WASHINGTON, D.C. (WGHP) – North Carolina’s newly elected senator, Republican Ted Budd, has dropped his first piece of legislation since taking the oath in January.

A U.S. Border Patrol agent walks up to a new section of the border wall before the arrival of former Acting Homeland Secretary Chad Wolf in 2020 in McAllen, Texas. (Joel Martinez/The Monitor via AP)

Budd is the primary sponsor of the “Build the Wall Now Act,” which would require the U.S. to resume building a wall along its Southern border with Mexico to deter illegal immigration.

President Joe Biden, on the day of his inauguration in January 2021, ordered construction on the wall to pause and funds that were diverted by former President Donald Trump to build a border wall be held while the situation was studied. Oddly, Biden took some heat for work done along the wall last year.

Budd’s bill would require border wall construction to resume within 24 hours and $2.1 billion that a release called “unspent wall funding” be available to pay for it.

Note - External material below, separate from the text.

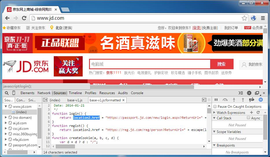 上一篇文章里提到京东登录,就是通过脚本跳转的。我们首先就拿它测试: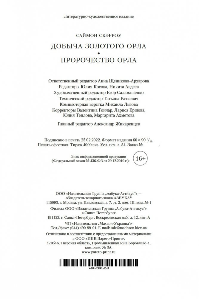 Вошедшие в сборник романы Саймона Скэрроу «Добыча золотого орла» и «Пророчество орла» продолжают знаменитый цикл «Орлы Империи», который посвящен римским легионерам и книги из которого стали бестселлерами во многих странах мира.

In this Monday, Sept. 30, 2019, photo, U.S. Sen. Thom Tillis responds to questions during an interview in Raleigh, N.C. North Carolina voters were deciding on Super Tuesday which Democrat they believe can unseat Sen. Thom Tillis and whether the current GOP lieutenant governor is the one best suited to oust Gov. Roy Cooper in the fall.(AP Photo/Gerry Broome)
U.S. Sen. Thom Tillis (AP Photo/Gerry Broome)
U.S. Sen. Ted Budd (WGHP)

The bill is cosponsored by North Carolina’s other senator, Republican Thom Tillis, along with Sens. Ted Cruz (R-Texas), Steve Daines (R-Mont.), Mike Crapo (R-Idaho), James Risch (R-Idaho), and Mike Rounds (R-S.Dak.). There is a companion bill in the House.

“President Biden has created the worst border crisis in American history,” Budd said in a release announcing the bill. “Instead of taking steps to solve this crisis, the Biden administration has tried to run out the regulatory clock on border wall construction.

“The Build the Wall Now Act ends this administration’s excuses and forces them to restart wall construction immediately. It’s time for a comprehensive solution to end the Biden Border Crisis, and this bill does just that.”

If you measure illegal immigration by the number of apprehensions at the border, there have been significant rises in the number of detentions in the past two years, the most since 2005. Apprehensions in the last two years of Trump’s presidency were the most in any year since 2009.

Biden has said Congress wouldn’t move the comprehensive immigration package that he had introduced in 2021, and Tillis – who, like Biden, recently visited the border – failed late last year to close a deal on a bipartisan effort he and Sen. Krysten Sinema (I-Ariz.) had brokered.

Budd’s proposal would return to the policies pushed by Trump, who had vowed during his campaign in 2016 and his four years in the White House that he would build the wall and have Mexico pay for it. That didn’t happen.

During Trump’s presidency about $15 billion was redirected for the wall, and there was construction for about 458 of the roughly 2000 miles across Texas, New Mexico, Arizona and California. Most of those 458 miles already had some sort of barrier.

Budd’s bill calls for not only the release of the remaining $2.1 billion in funding but the resumption of all contracts that had been put on hold by Biden. It suggests that no cabinet-level secretary can stop the plan.

The Biden administration last year did order the completion of gaps in the border wall near Yuma, Arizona, and just last month it approved U.S. Customs and Border Protection’s decision to lower a longstanding wall in San Diego.

Budd, a resident of Advance and 3-term member of the House in the old 13th District, last year used Trump’s endorsement to beat a deep field of Republicans for the nomination to replace retiring Richard Burr and then turned back Democrat Cheri Beasley in the General Election.

His first campaign ad nearly a year ago showed him walking along the border wall. His script included his plan to halt Biden’s “reckless open-border policies and, yeah, finish this wall.”

Tillis said after his visit last month that illegal immigration is “the biggest threat to national security of our time.”  That’s why he joined Budd and the others.

“From the moment President Biden took office, he has made one poor decision after another that has created a crisis at our Southern border, including stopping the construction of a border wall,” Tillis said in the release. “We have to take action to gain back control of our border and stop the historic level of illegal crossings, and I am proud to join Senator Budd to introduce this legislation.”